Am 3. und 4. März 2017 findet an der FernUniversität in Hagen unter dem Titel "Rechstquelle Wikipedia? : Praxis - Fiktionen - Standards" ein Symposium zur Bedeutung der Wikipedia in Rechtswissenschaft und Rechtspraxis statt.

Begrüßung und Vorstellung des Tagungskonzepts
(Prof. Dr. Katharina Gräfin von Schlieffen)

Es geht anekdotisch los: Darf man sein eigenes Werk bei Wikipedia promoten? Ein "Editorenkrieg" über die "Selbstbewertung" eines Hochschullehrers war der Anlass, um einmal über Wikipedia, seine Funktion und die Art der Qualitätskontrolle nachzudenken.

Wikipedia ist in der Rechtspraxis angenommen.

Gerichte setzen Fakten bei Wikipedia als gerichtsbekannt voraus, sie entnehmen dort Definitionen und sogar Rechtsauffassungen.

Wikipedia lässt sich von Laien und Juristen wie ein Rechtswörterbuch benutzen. Sie wird offenbar wie der Brockhaus früher benutzt. Probleme dabei: Zitierfähigkeit und Wahrheitsgehalt, aber auch die Flüchtigkeit und die Manipulierbarkeit der Beiträge.

Es geht auch um die rechtstheoretische Perspektive im Verhältnis von Recht und Wikipedia. Zentral ist aber auch der juristische Mediengebrauch. Bisher sind Juristen eher "medienblind", man denkt an Form und Verfahren, nicht aber an Medialität. Man meint: "Wikipedia existiert nicht, oder ist ein Lexikon." Aber stimmt das so?

Die Rechtsrhetorik gestattet es, nach Form und Inhalt zu differenzieren. Mit der Digitalisierung werden die Dinge zudem flüchtig. Gerade bei Wikipedia tritt Autorschaft in den Hintergrund. Welche Autorität wird damit noch dargestellt.
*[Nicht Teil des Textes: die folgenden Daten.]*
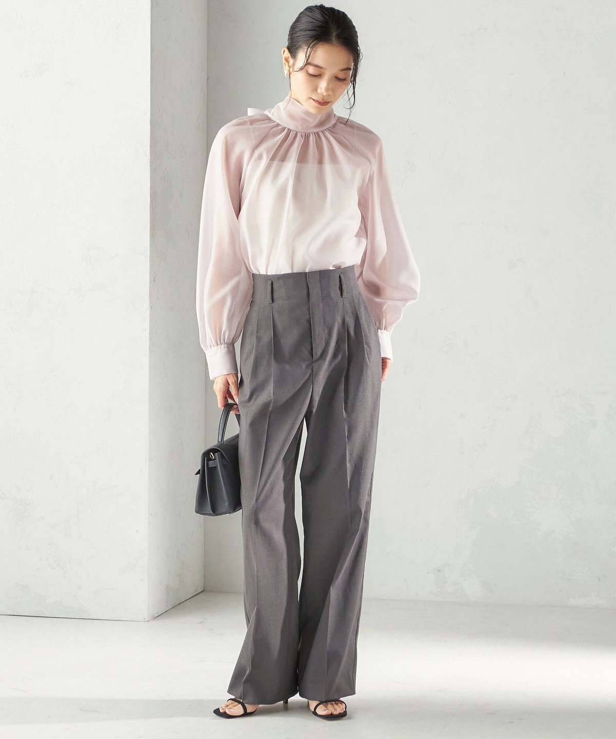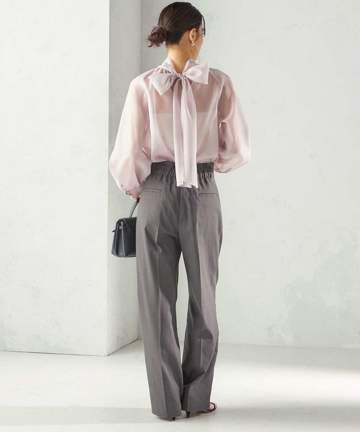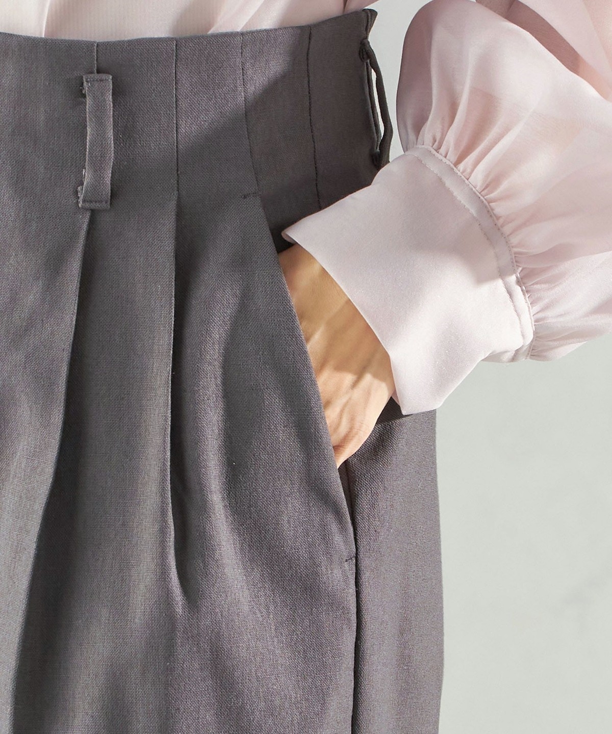ベルトレスなデザインで女性らしく、ウエスト周りをすっきりと仕上げています。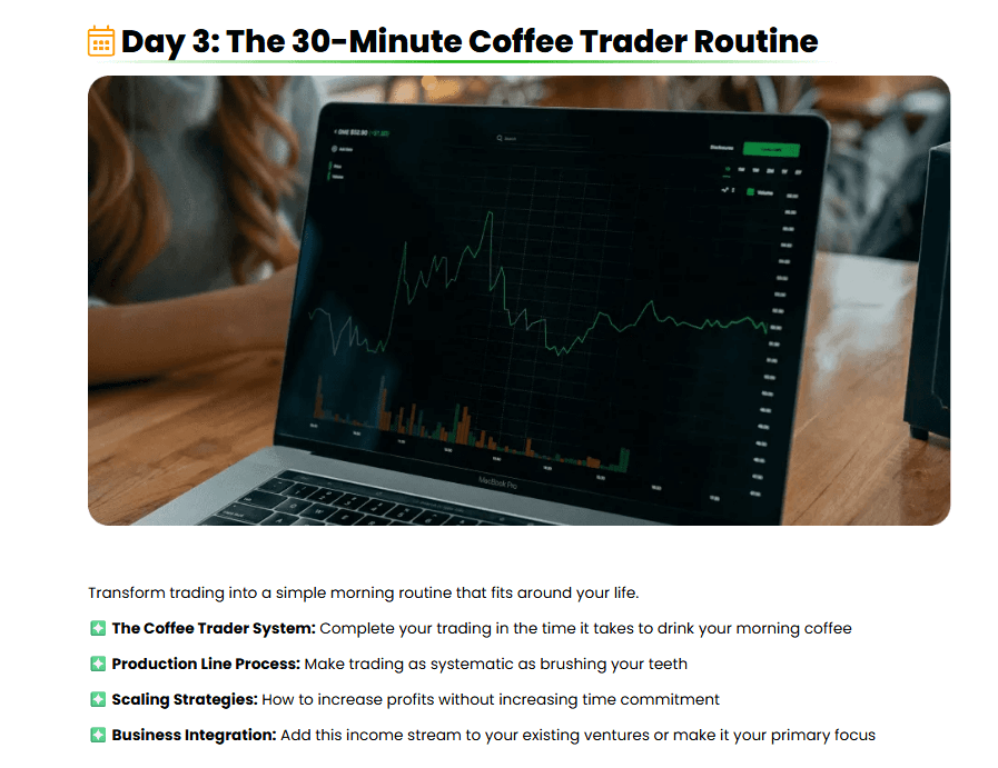 Nicknamed the “Coffee Trader” routine, this approach is designed to fit into even the busiest schedules. You’ll learn how to spot and execute trades in just 30 minutes a day — ideal for side hustlers or anyone short on time.Risk-Free Practice Environment

Gerade die juristische Meinung verlangt das Subjekt, das sie - auch streitig - vertritt. Ist unter den Bedingungen von Wikipedia noch eine solche Meinung möglich.?

Führt das Wikisystem zu einer Demokratisierung und einer Entwertung des Experten?

Diese und weitere Aspekte soll die Tagung in verschiedenen Beiträgen beleuchten.

1. Teil: Das Konzept Wikipedia

Das Konzept Wikipedia
(Dr. Lukas Mezger, Wikimedia Deutschland)

Zu Beginn wird erst einmal die Wikipedia vorgestellt. Wikipedia ist eine Enzyklopädie in Form eines Wikis. Wikipedia ist nur ein Beispiel für ein Wiki, es gibt auch tausende andere.

Wikiprinzip: Jeder Seite kann jederzeit frei bearbeitet werden. Änderungen sind offen einsehbar. Das Herrschaftsprinzip bei Wikipedia ist "Logokratie", es geht darum, Konflikte um Inhalte werden in Diskussionen gelöst.

Wir haben in Deutschland rund 6.000 aktive Wikipedia-Autoren (mehr als 5 Bearbeitungen im Monat).

Hinter Wikipedia steht die Wikimedia-Bewegung, die im Geist der "Aufklärung" daran arbeitet, allen Menschen auf der Welt das verfügbare Wissen der Menschheit zur Verfügung zu stellen.

Die Wikimedia Foundation betreibt die Server und die Markenrechte. In Deutschland arbeitet die Wikimedia Deutschland e.V.


Rechtsvergleichende Systematik auf Wikipedia
(Dr. Lukas Mezger und Tobias Liutzi LL.M./M.Jur./M.Phil., Universität Oxford)

Wikipedia ist der Schwarmintelligenz verpflichtet, aber es gibt zugleich einen großen Bedarf an Koordination. Das Problem wird am Beispiel der Rechtsvergleichung illustriert.

Nationale Rechtssysteme sind autonom. So gibt es nicht den "Vertrag an sich", sondern immer nur in den Ausprägungen der jeweiligen Rechtsordnung.

Wikipedia dient NICHT der Theoriebildung, sondern fußt als Tertiärquelle (Enzyklopädie) auf Sekundärquellen.

Koordinierungsaufgaben nimmt die "Redaktion Recht" bei Wikipedia wahr.
Eine Konsequenz: Der Rechtsvergleich muss von einem nationalen Rechtsinstitut klar getrennt werden -> die Lemmatisierung kann daher nur national oder vergleichend sein.
Beispiel: Tötungsdelikt (Rechtsvergleichend) - Mord (Deutschland), Mord (Österreich), etc.

Neben den Lemmata gibt es Kategorisierungen, ja ganze Kategorienbäume.

Die begriffliche Arbeit in der Wikipedia deckt Lücken in der Forschungslandschaft auf, etwa: Es gibt nur unzureichende rechtsvergleichende Literatur zum Thema Verwaltungsgliederung.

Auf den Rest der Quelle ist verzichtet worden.